Subhash Khot, New York University
Subhash Khot,
New York University

Subhash Khot, a professor of computer science at New York University’s Courant Institute of Mathematical Sciences, conducts research on hardness of approximation and probabilistically checkable proofs. He is a 2015 Simons Investigator in Theoretical Computer Science and one of 13 principal investigators in the Simons Collaboration on Algorithms and Geometry (A&G), which brings together experts in mathematics and theoretical computer science.

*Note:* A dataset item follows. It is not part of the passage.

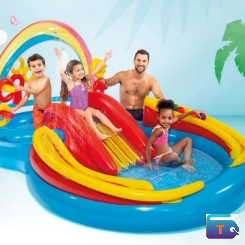 This is the Intex Rainbow Ring Play Center, an inflatable pool and water play area for children that can be set up in a backyard. It is constructed from durable vinyl and is designed for kids ages 2 and up.
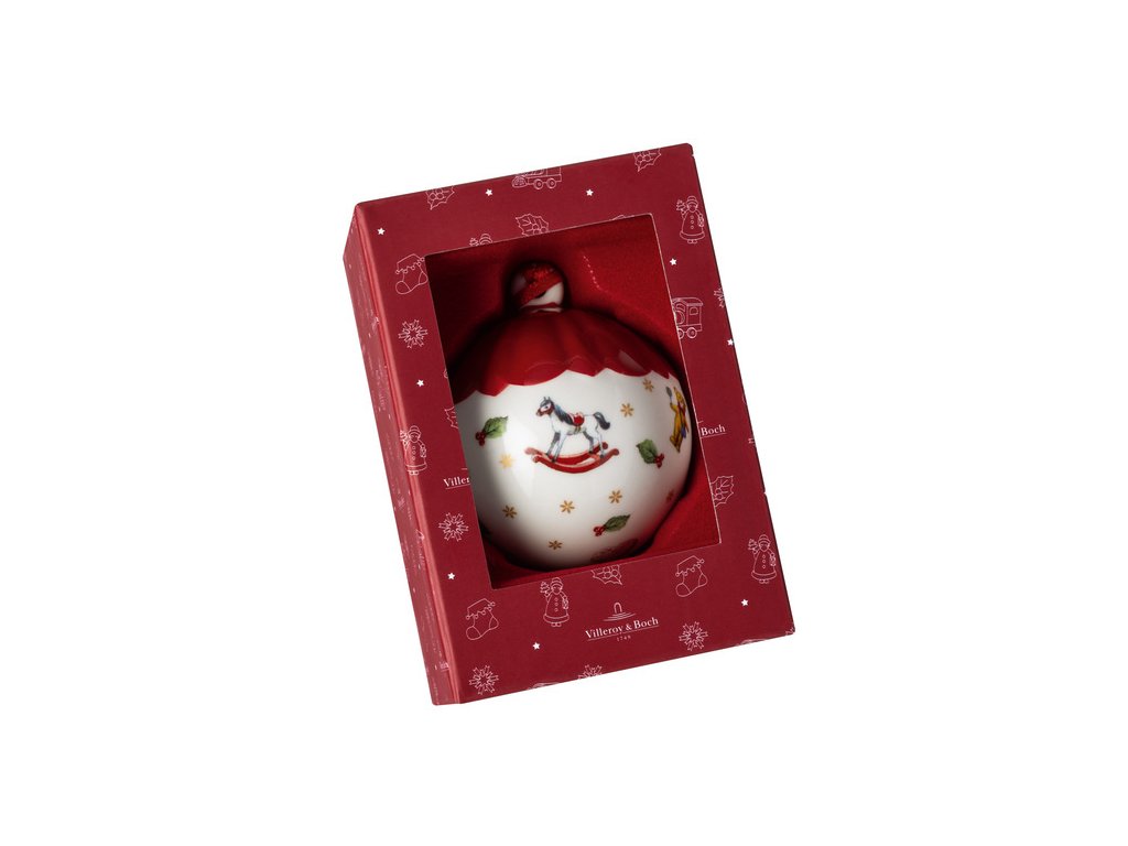 Červená stuha pre elegantný vzhľad, dekorácia porcelánovej gule so vzorom typických hračiek zo severného pólu.

According to Khot, the A&G collaboration has prompted some ambitious long-term projects. By investing energy in understanding each other’s areas and ideas, investigators gain a new perspective for their own work. “Usually people are expert in a specific area and are well aware of the most challenging questions as well as the limitations of current techniques in that area,” he says. “They are often thinking about these problems for years, perhaps decades, and unable to make further progress. By interacting with people with different backgrounds and research interests, they can discover connections that might exist. Once in a while, one stumbles upon unexpected connections between two areas that greatly benefit both.”

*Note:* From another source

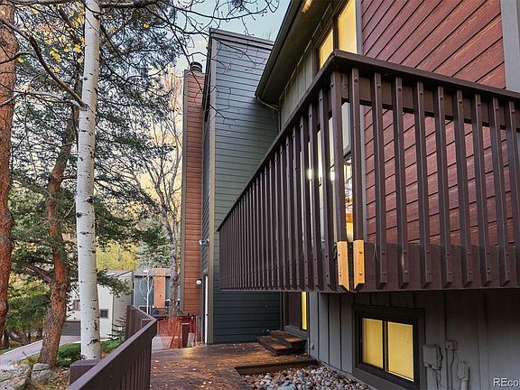 The Details Make The Difference. Wood Floors throughout. Staircase rebuilt with rustic wood stairs and custom wrought iron railings. Fireplace/ wood stove replaced and new flue installed. New kitchen cabinets and stainless steel appliances. Updated light fixtures throughout the home. High ceilings in the living room and access to the deck. Lots of light. Two bathrooms were combined to create a larger bath for the Primary suite and Walk-in custom closet Come home to turnkey! Central location with the ability to walk to the lake and downtown Evergreen. Small creek and wooded area around the complex to enjoy nature.

Much of Khot’s own work lies at the interface of mathematics and computer science. Recently, in collaboration with Muli Safra, a professor of computer science and Dor Minzer, a graduate student, both at Tel Aviv University, Khot studied a computer science problem called monotonicity testing that might be stated as follows: Given a function on the Boolean hypercube, you want to test whether this function is monotone, that is, entirely increasing or entirely decreasing, by looking at as few values of the function as possible. It turns out that this problem, quite unexpectedly, is closely connected to isoperimetric problems that are central to geometry. In Euclidean space — the space we live in — we know that if we have an object with a fixed volume, its surface area is at least equal to the surface area of a sphere with this volume. But in other spaces, where we have a notion of volume and of surface area, what object of fixed volume has the smallest surface area? The question can be asked in many different geometric spaces, including the Boolean hypercube, which is of particular importance in theoretical computer science. By proving new variants of known isoperimetric results on the hypercube, Khot and his collaborators were able to design the best possible algorithm for the monotonicity testing problem.

“This is one question that I recently worked on, and we solved the problem,” Khot says. “We were very happy with it, and it shows the connections between computer science and mathematics really, really closely. In the context of this problem, and there are more examples, computer science and mathematics go hand in hand — it’s difficult to say which inspired which.”